This project focuses on predicting employee attrition using machine learning and estimating the potential financial loss associated with it.
The project is divided into three main parts:
- Attrition Prediction (Classification): This involves building a classification model to predict whether an employee is likely to leave the company.
- Future Salary Prediction (Regression): This involves building a regression model to predict the future salaries of employees likely to stay in the company.
- Estimated Loss Calculation: This part estimates the potential financial loss associated with employee attrition.
The project uses the "IBM HR dataset" containing information about employee demographics, job satisfaction, performance, and attrition status.
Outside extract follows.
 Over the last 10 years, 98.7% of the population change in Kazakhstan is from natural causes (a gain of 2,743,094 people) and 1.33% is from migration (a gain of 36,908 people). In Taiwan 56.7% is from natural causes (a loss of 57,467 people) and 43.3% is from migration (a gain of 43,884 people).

Attrition Prediction (Classification):
- A Voting Classifier ensemble is trained on preprocessed data to predict attrition.
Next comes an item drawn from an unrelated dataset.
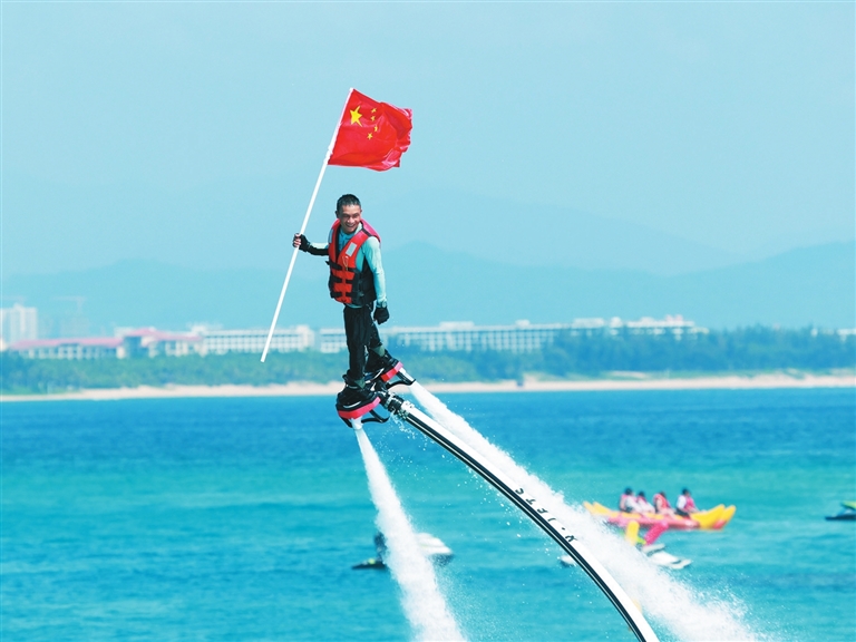 10月1日,三亞蜈支洲島旅游區(qū)水上飛龍表演。 三亞日?qǐng)?bào)記者 陳聰聰 攝

Future Salary Prediction (Regression):
- A Voting Regressor ensemble is trained on preprocessed data to predict future salaries of employees likely to stay.
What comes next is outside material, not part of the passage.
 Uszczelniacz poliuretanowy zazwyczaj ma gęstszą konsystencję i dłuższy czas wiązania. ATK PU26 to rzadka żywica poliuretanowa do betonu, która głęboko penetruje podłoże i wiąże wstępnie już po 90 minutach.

Estimated Loss Calculation:
- The expected loss for each employee is calculated and aggregated to estimate the total financial impact of attrition.
- pandas
- numpy
- scikit-learn (including SMOTE, GridSearchCV, and various models)
- xgboost
- imblearn
- seaborn
- matplotlib
- Amancharla Anirudh
- Varshneya Kolla
This project demonstrates the application of machine learning for predicting employee attrition and estimating the associated financial loss. It can be valuable for businesses looking to identify employees at risk and plan accordingly.
- Upload the Dataset
- Import Libraries
- Load the Dataset
- Run the Code Execute the rest of the code in the notebook, including the data preprocessing, model training, evaluation, and estimated loss calculation steps. ( Use google colab or jupyter notebook)